Lapwony Loka’s success served as a great role model which strongly motivated younger people, including me, to follow in his footsteps. As a result, the Parabongo Pajengo clan is now proud to have many professional men and women with qualifications in various fields including Medicine, Law, Science, Economics, Photography, Engineering, Information Technology, etc. I still remember how I was awed by his explanation of the life cycle of the butterfly or how bats use echo location when they fly. He got me hooked on science.

Oftentimes, people profess certain religious beliefs in theory but do not live it. Lapwony Loka had a belief and lived it. If there is a good Catholic, Lapwony Loka was one. He not only went to all Catholic Schools, but he also got married on Easter in 1970 to Agatha Akello who loved him and cared for him through good and bad times till his last day. Throughout his career, he was based in Catholic schools and brought up his children in the same Church. As a professional, Lapwony Loka was known to be kind, generous, compassionate, gentle, honest, and down to earth. He was also a man of great courage. Even in the face of death, he continued to pray and hope for his full recovery. Obviously, his character was shaped by a strong home upbringing as well as his religious conviction. 

It must have been in recognition of his high integrity, humility, morality, respect, empathy, truthfulness, and a keen sense of fairness which led him to be appointed as the Deputy Headmaster of his alma matter as well as the overall in-charge of secondary school examination coordinator . Though, one may not agree with his religious belief, one cannot help but acknowledge and respect him for living according to his faith-something which is rare these days. The big lesson here is not to necessarily to encourage anyone to embrace Lawony Loka's faith, but rather to live faithfully by whatever socially acceptable principles one chooses so long as they are not harmful to other creatures inhabiting this earth.

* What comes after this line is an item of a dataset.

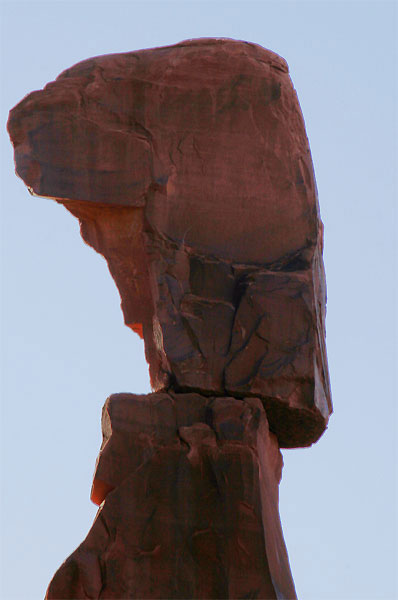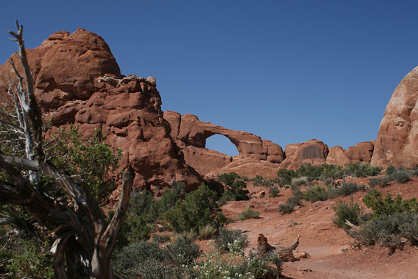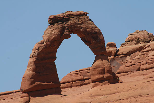 Vor der 3-Stunden-Wanderung über Slickrock zum Delicate Arch, dem Wahrzeichen von Utah, drücken wir uns. Es gibt einen kürzeren Weg, ihm recht nahe zu kommen - uns reichen auch zwanzig Minuten in praller Sonne steil bergauf. Zwar ist uns damit die klassische Perspektive Arch vor La Sal Mountains versagt, aber von dem Plateau aus, das wir erklommen haben, sieht er auch äußerst attraktiv aus, wie wir finden. Dass dieses Prachtstück nur eine Spannweite von nicht einmal 15 Metern hat, ist kaum zu glauben - vermutlich wirkt der Bogen nur deshalb so gigantisch, weil er völlig allein dasteht und aus dem Boden zu wachsen scheint.

Although, he has left us, Lapwony Loka has left an indelible legacy. He was blessed with children who are now professionals in various fields. At the risk of being partial, Loka Video Library and Disco System, well known in northern Uganda, are produced by a company founded by Lapwony Loka’s children. Apart from his children, he has also left many persons whom he had taught directly or mentored. They are now serving in different professions in and outside Uganda. 

Though he is gone, Lapwony Loka’s departure can best be described by an apt African proverb which says, Ancestors never die until there is no one left to call their names. Therefore, his name will continue to live on.

In recognition of decades of service and dedication to the cause of education, the Right Reverend Vicar and Rector of Sacred Heart Major Seminary, Lacor, Monsignor Odong, is soliciting suggestions of how best we can celebrate and honor the late Mzee Lapwony Isaiah Lazaro Loka. So, please spread the word to his former students, colleagues, and friends. Suggestions can be submitted directly to the Headmaster of Sacred Heart Secondary School or to the Rt. Rev. Monsignor Odong of Sacred Heart Major Seminary, Lacor.

My sincere gratitude to goes to everyone who provided the necessary information for this article (Editor).